Monday, 5 October 2009


Diouana, played by the statuesque Mbissine Thérèse Diop, is a spirited Senegalese nanny who jumps at the opportunity to work in France, hoping to mingle with the upper echelons of society there. Upon arrival, she is treated as a servant by her employers, who tie an apron around her waist and insist on taunting her with monosyllabic commands. Diouana’s narrations and reflections upon the past show us her disillusionment and increasing oppression in her new job, and soon she begins to act up in the hope of being treated more like a human being.

Though it’s not the most admonitory film, it still makes for quite a heavy-handed experience, as almost immediately we are greeted with echoes of post-colonialist racism.

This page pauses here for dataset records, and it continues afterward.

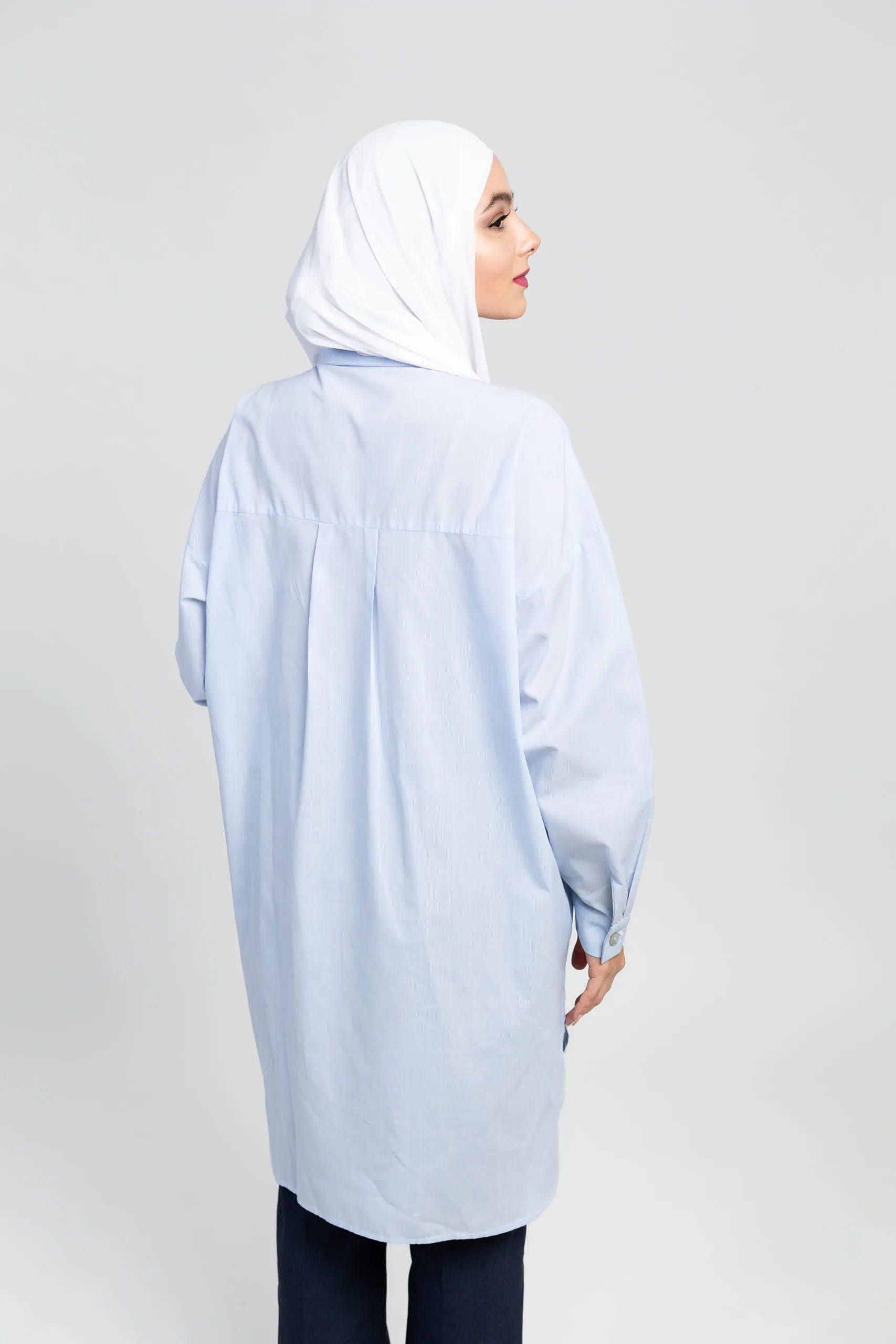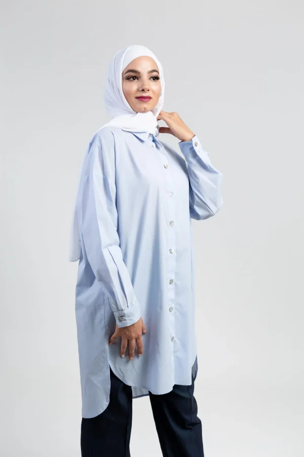 100% cotton, Our oversized shirt  is carefully crafted from high quality materials. The soft, breathable fabric keeps you feeling comfortable all day long, while its timeless blue color adds a touch of style to your outfit. The shirt is also easy to care for, making it a practical choice for everyday use.
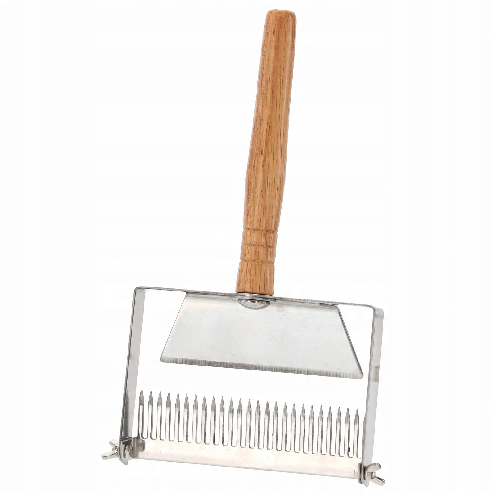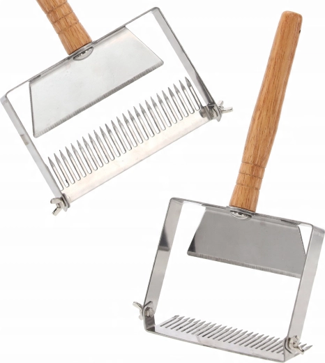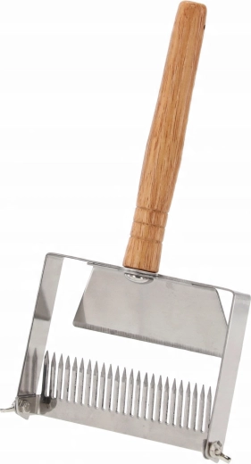 Regulowane zęby i praktyczna listwa prowadząca pomagają precyzyjnie ustawić głębokość zanurzenia dla różnych typów plastrów, dzięki czemu usuwanie woskowych zasklepin jest szybkie, delikatne i równomierne. Narzędzie idealne dla hobbystów i profesjonalnych pszczelarzy szukających niezawodnego i higienicznego rozwiązania do odsklepiania.
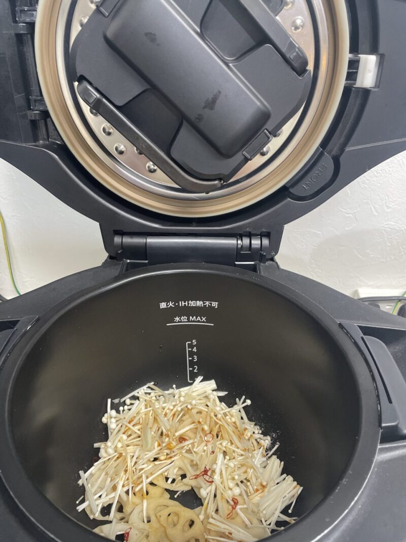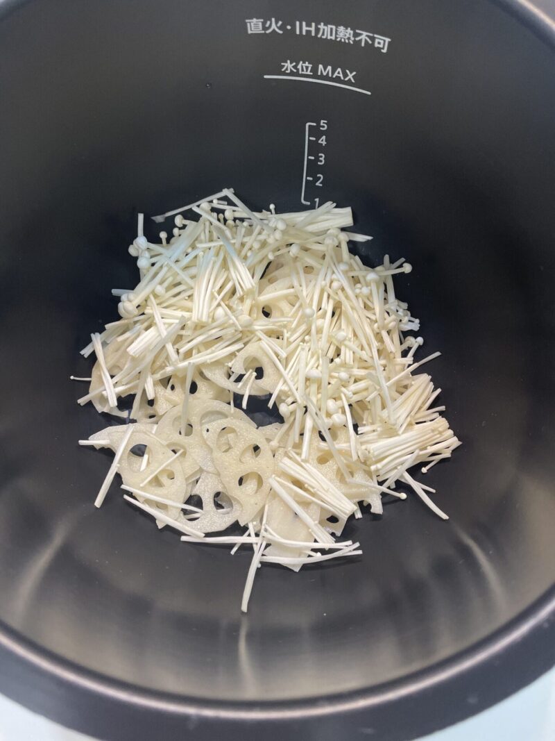 ③ ホットクックの内鍋に、レンコンとえのきを入れる
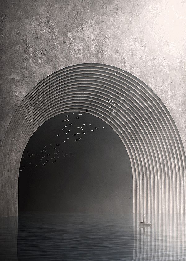 制作這些圖片所應用到的技術需要關注以下三個方面,即把建筑放在某個背景中的效果,人們觀察建筑的角度,以及建筑與人和周圍背景之間的比例。在這些想象中的場景里,建筑就像是原本存在于周圍背景中的元素一樣,整個畫面構圖大膽、渾然一體,充滿著神秘感,成功激起了人們的好奇心。
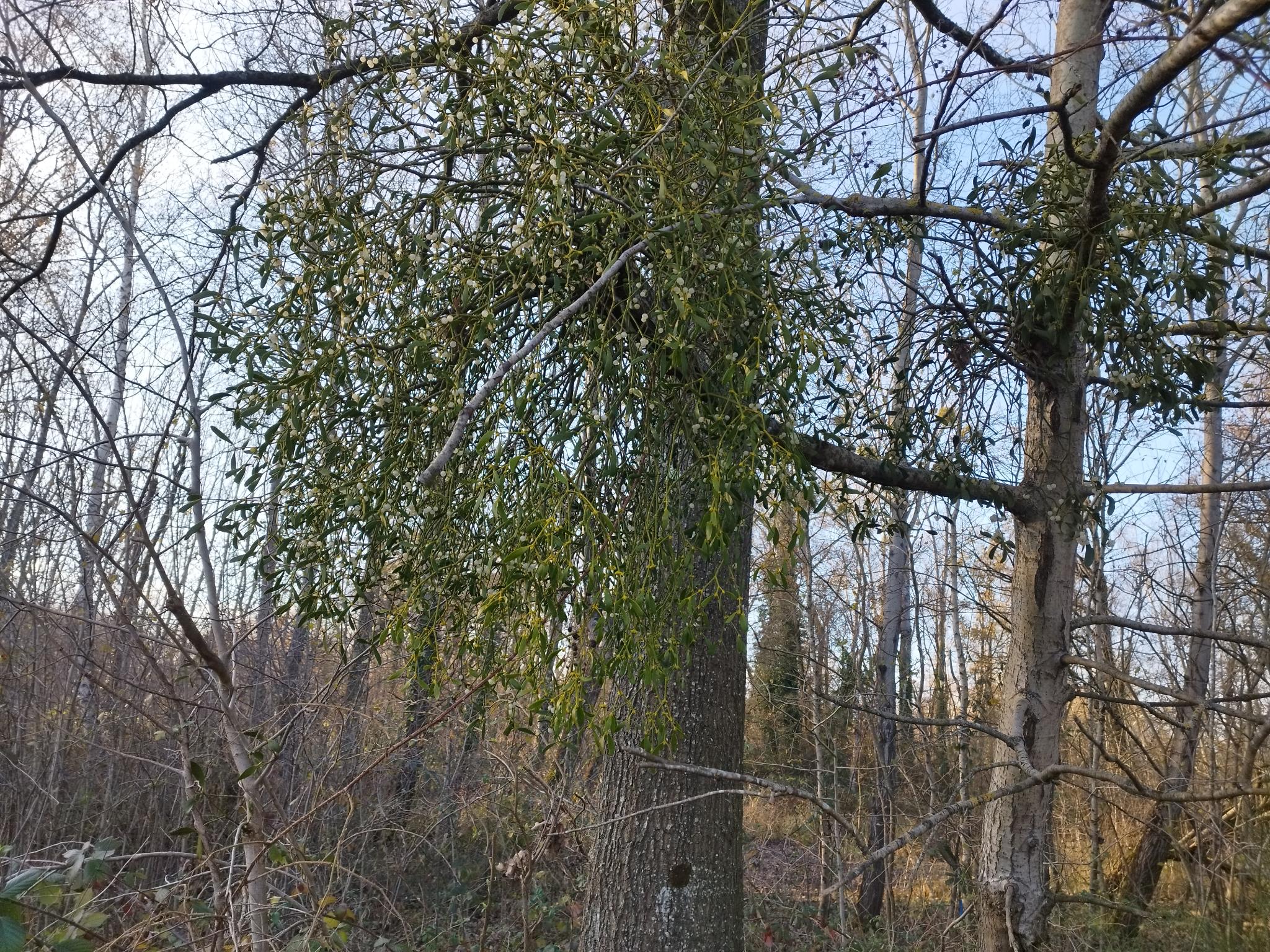 Nous avons vu du gui et ses fruits qui contiennent une graine entourée d’une pulpe collante. Cette plante est un parasite qui pousse sur les branches d’arbres. Les druides croyaient que le gui avait des propriétés magiques et qu’il les protégeait des mauvais esprits. Ils coupaient le gui avec une faucille d’or lors de cérémonies rituelles, notamment pendant le solstice d’hiver, le 21 décembre
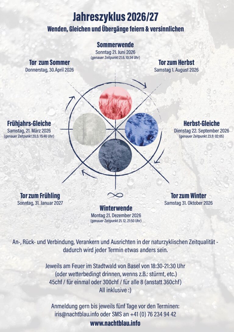 An-, Rück- und Verbindung, Verankern und Ausrichten in der naturzyklischen Zeitqualität – dadurch wird jeder Termin etwas anders sein. Ein Teil für den Körper  ist auch immer dabei (Schütteln, Tanzen, Singen, etc).
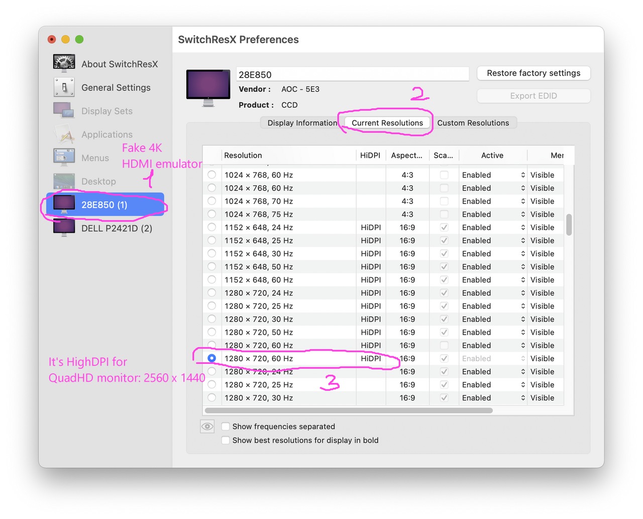 8. Howerver we need to enable 1280 x 720 (2560 x 1440 in HiDPI) which looks native for this QuadHD monitor.
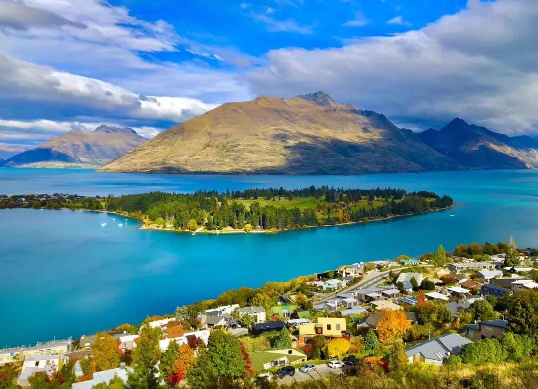 新西蘭的皇后鎮是一個被南阿爾卑斯山包圍的美麗小鎮,也是一個依山傍水的美麗城市。皇后鎮全處都是觀光地點,夏季藍天豔陽,秋季爲鮮紅與金黃的葉子染成繽紛多彩的面貌,冬天的氣候清爽晴朗,還有大片覆着白雪的山嶺,而春天又是百花盛開的日子。四季分明,各有着截然不同的面貌。
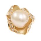 10x12.3mm South Sea Pearl & Diamond Ring
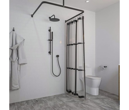 - Stipri un izturīgi: šie dušas aizkaru stieņi ir izgatavoti no alumīnija ar melnu pārklājumu, padarot tos izturīgus un noturīgus.
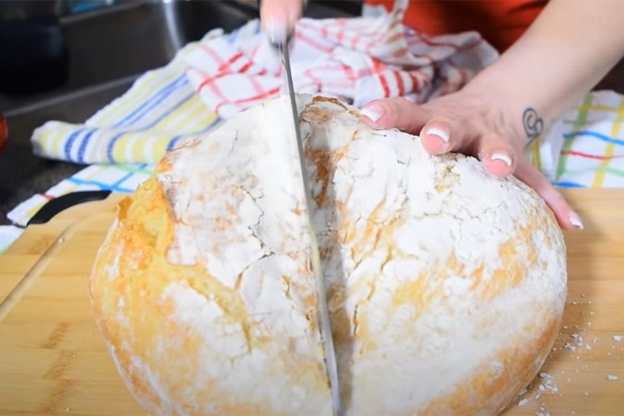 Nakon što je prošlo 20 minuta dodajte jednu kašiku ulja u testo. Ponovo sjedinite sve, pa ostavite opet 20 minuta. Malo razvucite testo ka gore oko dva do tri puta i ponovo ostavite oko pola sata. Ostatak brašna pospite po radnoj površinu. Prespite testo tu. Testo razvlačite tako što ćete ga preklapati. Testo treba da bude vazdušasto. Preklapajte ga na taj način dok ne potrošite ostatak brašna. Za ovaj hleb vam treba vrela šerpa sa poklopcem. Dno vrele šerpe pospite malo kukurznim brašnom. Tu prebacite testo. Pokrijte poklopcem i pecite na 200 stepeni oko 45 minuta.
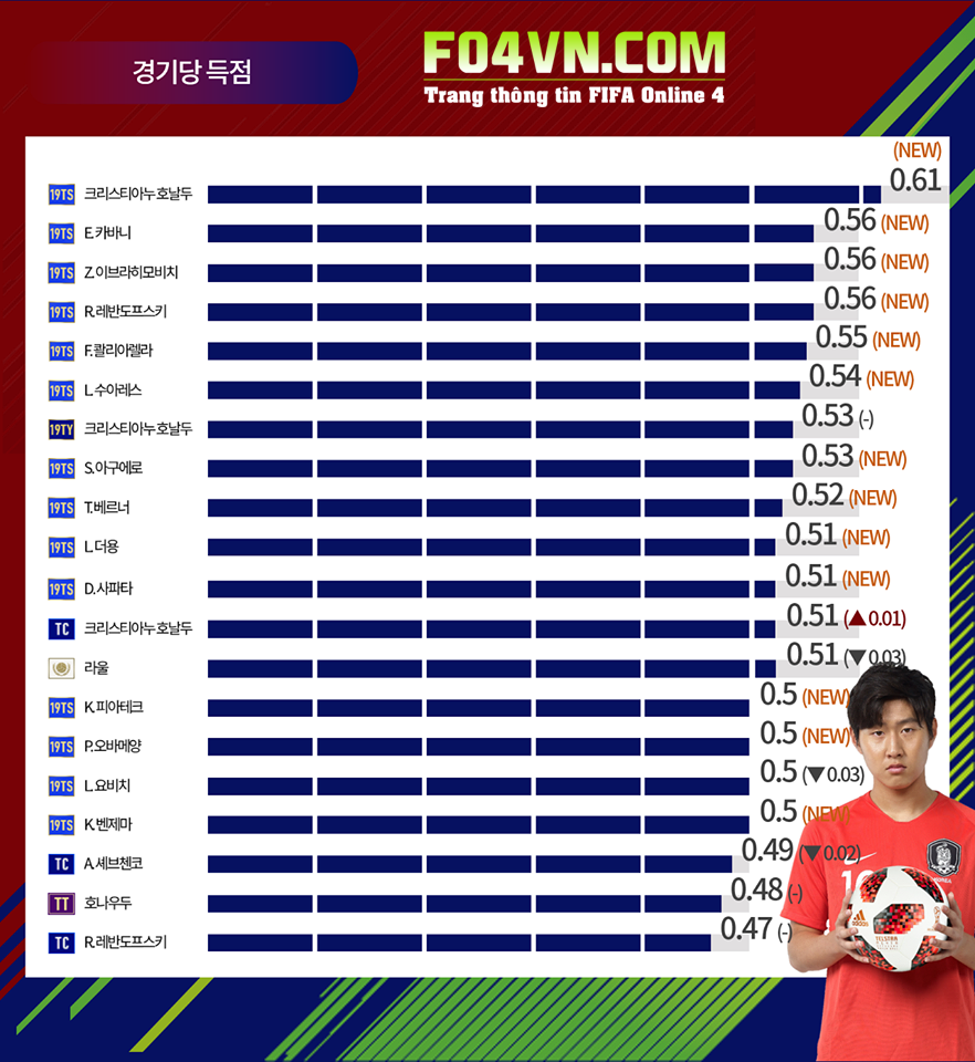 Thời gian vừa qua, mùa 19TS đang làm mưa làm gió ở FIFA Online 4 trên khắp các server từ Trung Quốc, Hàn Quốc, Thái Lan cho đến Việt Nam. Sự xuất hiện của mùa giải 19TS với chỉ số cực kì nổi bật kéo theo nhiều sự soán ngôi trên các bảng xếp hạng FIFA Online 4. Và bảng xếp hạng top 20 chân sút cũng không ngoại lệ.

Diouana’s employers discuss her as if she were an animal, knowing that the language barrier will prevent her from climbing the rungs of society. Stylistically, the film evokes a number of French New Wave films, representing the romanticised world that Diouana had envisioned for her sojourn in France. Her gift to her employers, a tribal mask, sits through the film as a reminder of her origins, and is perhaps emblematic of her – and Senegal’s – refusal to hegemonise to French culture. On the other hand, the soundtrack is maddeningly cheap, constantly flapping between the cultural extremes of a shrill honky-tonk piece and a kora riff. This is on many counts an excellent film, but those looking for an introduction to the West African cinematic experience might want to start somewhere else.